The brutal reality is that many employers entered the offshoring space guns blazing, making grand promises to desperate freelancers, only to leave behind a wake of broken commitments and shattered trust. The aftermath? A generation of offshore workers who've adopted a "survivors" mentality, hedging their bets by working across multiple clients because they've learned—often the hard way—that relying on a single employer is a risk they simply can't afford.

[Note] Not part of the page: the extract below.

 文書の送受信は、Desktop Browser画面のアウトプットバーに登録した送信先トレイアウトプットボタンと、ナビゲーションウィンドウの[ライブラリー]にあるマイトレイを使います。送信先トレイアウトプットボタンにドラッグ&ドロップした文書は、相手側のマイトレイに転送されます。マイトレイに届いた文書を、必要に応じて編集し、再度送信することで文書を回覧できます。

If you're considering jumping onto Upwork or similar platforms to hire directly, I need to be blunt with you: you're essentially playing Russian roulette with your business outcomes. Don't get me wrong—exceptional talent absolutely exists on these platforms. The challenge is that for every genuinely committed professional, you'll encounter multiple candidates who are either overemployed or operating under circumstances that make long-term success nearly impossible.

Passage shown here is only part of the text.